═════ DATA PROVIDED ═════

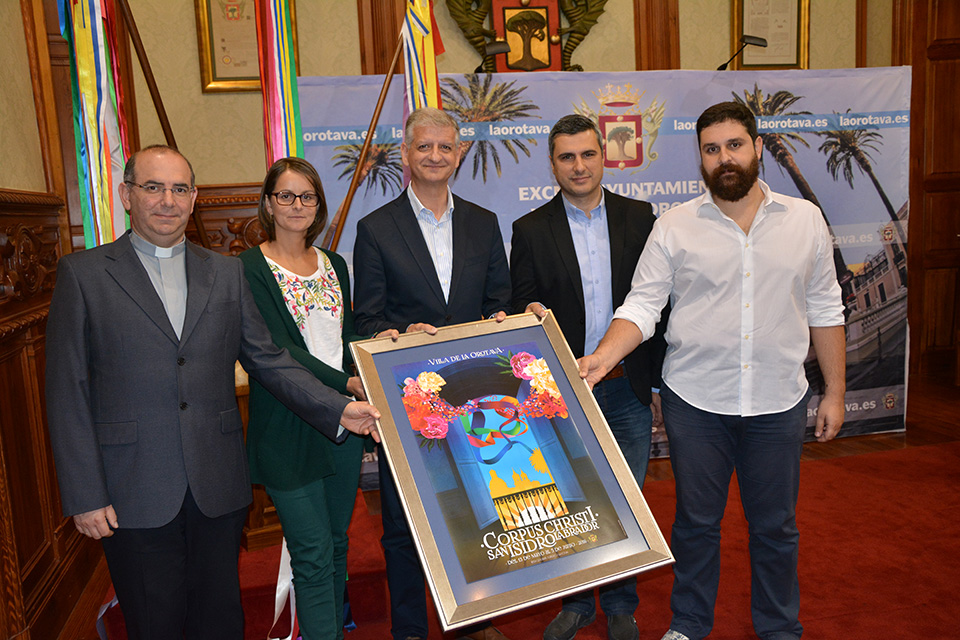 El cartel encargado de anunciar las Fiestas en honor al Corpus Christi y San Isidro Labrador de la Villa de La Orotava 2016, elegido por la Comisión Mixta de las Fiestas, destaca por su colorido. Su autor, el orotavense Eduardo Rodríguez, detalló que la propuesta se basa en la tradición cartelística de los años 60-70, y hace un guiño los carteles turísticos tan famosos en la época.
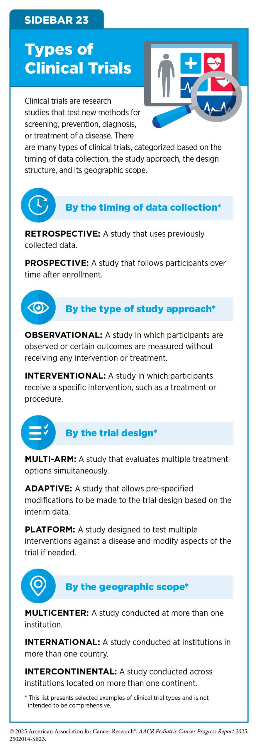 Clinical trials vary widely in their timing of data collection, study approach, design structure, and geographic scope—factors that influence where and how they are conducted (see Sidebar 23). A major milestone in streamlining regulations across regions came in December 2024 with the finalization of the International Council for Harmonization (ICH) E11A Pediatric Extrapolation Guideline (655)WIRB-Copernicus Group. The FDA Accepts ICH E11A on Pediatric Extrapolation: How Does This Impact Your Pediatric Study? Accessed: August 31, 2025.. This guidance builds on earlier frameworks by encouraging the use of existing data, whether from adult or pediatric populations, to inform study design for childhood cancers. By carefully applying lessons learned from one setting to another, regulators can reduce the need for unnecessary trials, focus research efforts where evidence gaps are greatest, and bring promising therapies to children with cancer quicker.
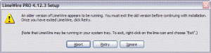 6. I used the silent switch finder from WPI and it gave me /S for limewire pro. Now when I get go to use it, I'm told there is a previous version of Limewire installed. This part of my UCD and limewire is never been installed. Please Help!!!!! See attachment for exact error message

═════

__PROBLEM DESCRIPTION__: The material should be returned verbatim, with all images omitted.

__RESPONSE__:
 El cartel encargado de anunciar las Fiestas en honor al Corpus Christi y San Isidro Labrador de la Villa de La Orotava 2016, elegido por la Comisión Mixta de las Fiestas, destaca por su colorido. Su autor, el orotavense Eduardo Rodríguez, detalló que la propuesta se basa en la tradición cartelística de los años 60-70, y hace un guiño los carteles turísticos tan famosos en la época.
 Clinical trials vary widely in their timing of data collection, study approach, design structure, and geographic scope—factors that influence where and how they are conducted (see Sidebar 23). A major milestone in streamlining regulations across regions came in December 2024 with the finalization of the International Council for Harmonization (ICH) E11A Pediatric Extrapolation Guideline (655)WIRB-Copernicus Group. The FDA Accepts ICH E11A on Pediatric Extrapolation: How Does This Impact Your Pediatric Study? Accessed: August 31, 2025.. This guidance builds on earlier frameworks by encouraging the use of existing data, whether from adult or pediatric populations, to inform study design for childhood cancers. By carefully applying lessons learned from one setting to another, regulators can reduce the need for unnecessary trials, focus research efforts where evidence gaps are greatest, and bring promising therapies to children with cancer quicker.
 6. I used the silent switch finder from WPI and it gave me /S for limewire pro. Now when I get go to use it, I'm told there is a previous version of Limewire installed. This part of my UCD and limewire is never been installed. Please Help!!!!! See attachment for exact error message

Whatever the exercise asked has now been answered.